**YOUR TASK**. All of the listing should be returned as written, apart from any picture in it.

**GIVEN DATA**.
•••••

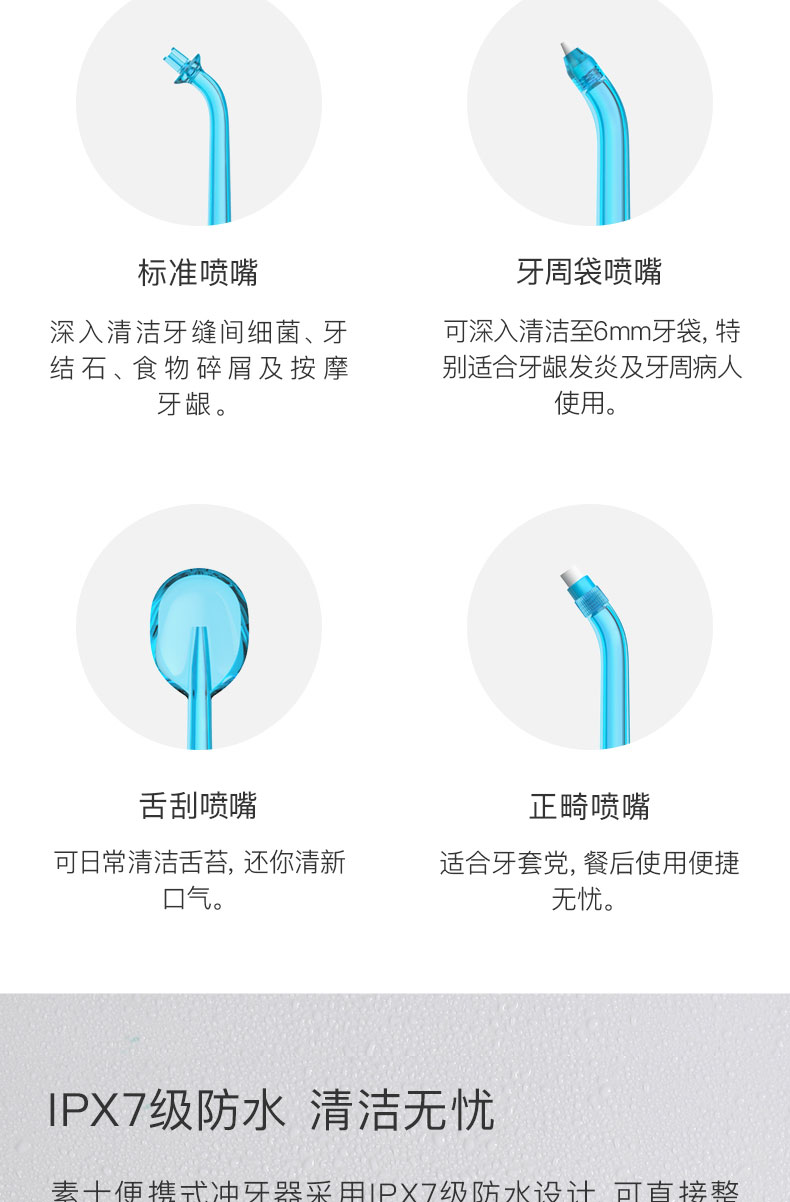 天猫素士旗舰店269元,可领50元优惠券,实付219元到手,第一款此价,有4种喷嘴,还有电动牙刷+水牙线的组合可选。清新小蓝瓶素士便捷式冲牙器,微型温和水柱,适合亚洲人的口腔,三档清洁模式,循序渐进清洁牙齿,230ml水箱无需频繁加水,齿间按摩,瞬时净爽,比牙线棒更舒适,舒适按摩牙龈,还你健康口腔。
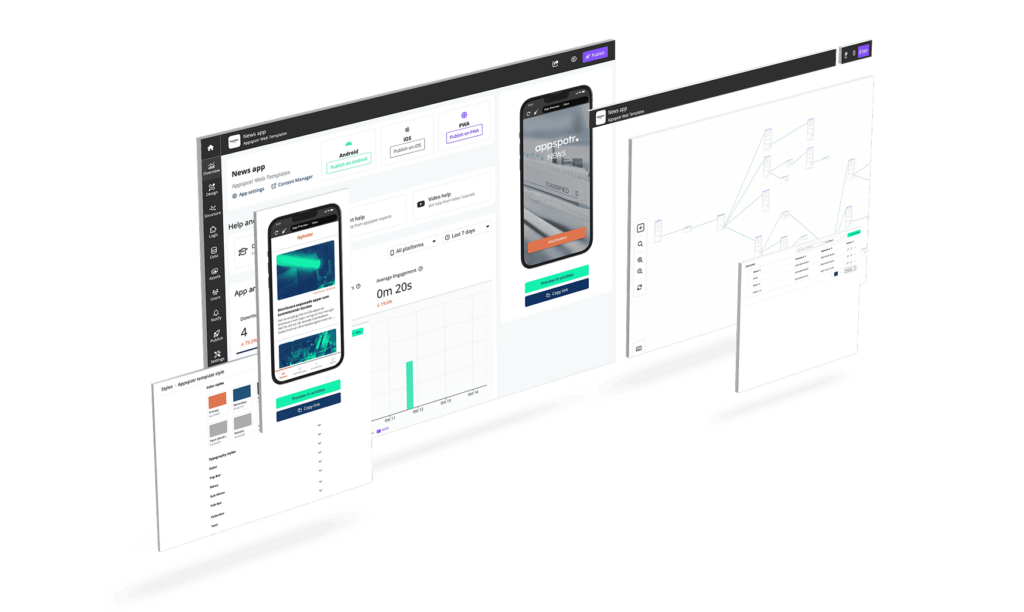 Appspotr är en allt-i-ett plattform med en inbyggd design funktion som gör det enkelt att skapa snygga och användarvänliga gränssnitt,  och utvecklingsverktyg som gör det möjligt att koda utan tidigare erfarenhet, är det enkelt att skapa en app som imponerar.
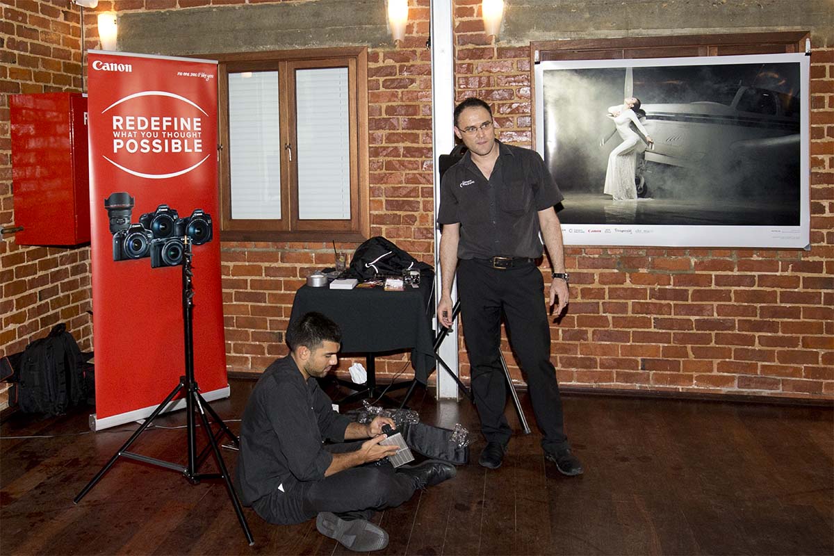 No great philosophy or art, folks, but here's some pictures of the Canon EOS 5Ds night presented by Brodie Butler - and us and Fitzgerald's Photo Laboratories, for that matter. We did the setup, Fitzgerald's did the drop-dead gorgeous prints on Chromajet metallic paper, Canon supplied the brand new camera body and a beaut digital projector and the Oxford hotel supplied beer and snacks. Everyone to their own specialty.
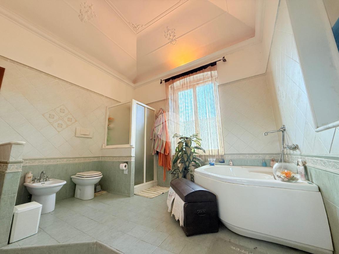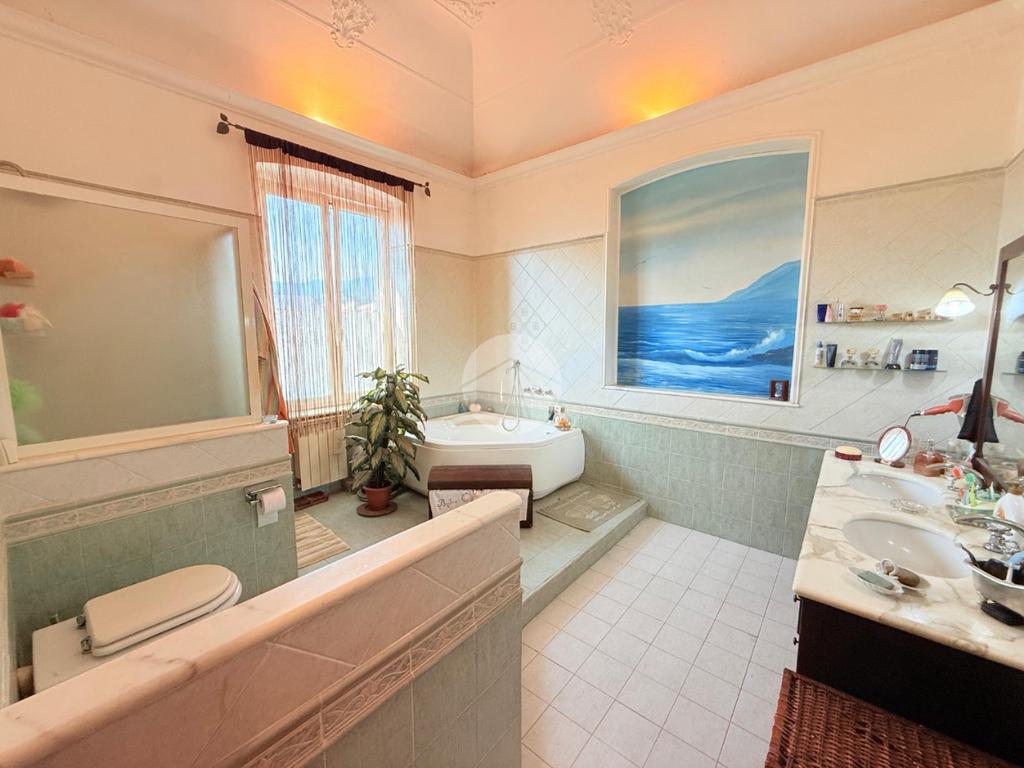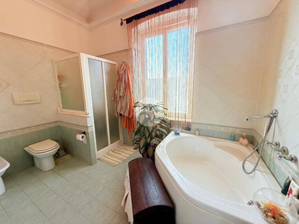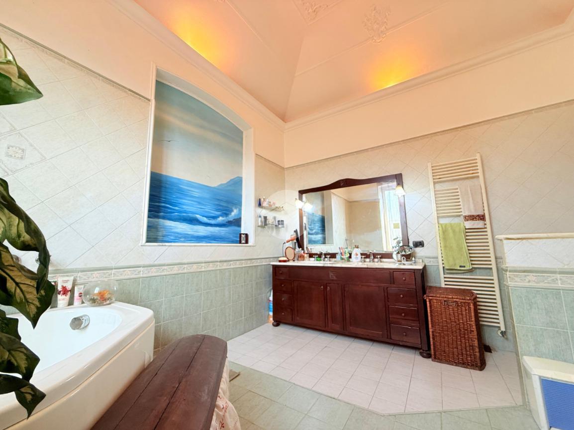 La sala da bagno (in passato adibita a camera da letto), è di notevole metratura e ospita una capitente vasca idromassaggio, un box doccia oltre che un doppio lavabo.

•••••

**OUTPUT FOR THIS EXERCISE**.
 天猫素士旗舰店269元,可领50元优惠券,实付219元到手,第一款此价,有4种喷嘴,还有电动牙刷+水牙线的组合可选。清新小蓝瓶素士便捷式冲牙器,微型温和水柱,适合亚洲人的口腔,三档清洁模式,循序渐进清洁牙齿,230ml水箱无需频繁加水,齿间按摩,瞬时净爽,比牙线棒更舒适,舒适按摩牙龈,还你健康口腔。
 Appspotr är en allt-i-ett plattform med en inbyggd design funktion som gör det enkelt att skapa snygga och användarvänliga gränssnitt,  och utvecklingsverktyg som gör det möjligt att koda utan tidigare erfarenhet, är det enkelt att skapa en app som imponerar.
 No great philosophy or art, folks, but here's some pictures of the Canon EOS 5Ds night presented by Brodie Butler - and us and Fitzgerald's Photo Laboratories, for that matter. We did the setup, Fitzgerald's did the drop-dead gorgeous prints on Chromajet metallic paper, Canon supplied the brand new camera body and a beaut digital projector and the Oxford hotel supplied beer and snacks. Everyone to their own specialty.
 La sala da bagno (in passato adibita a camera da letto), è di notevole metratura e ospita una capitente vasca idromassaggio, un box doccia oltre che un doppio lavabo.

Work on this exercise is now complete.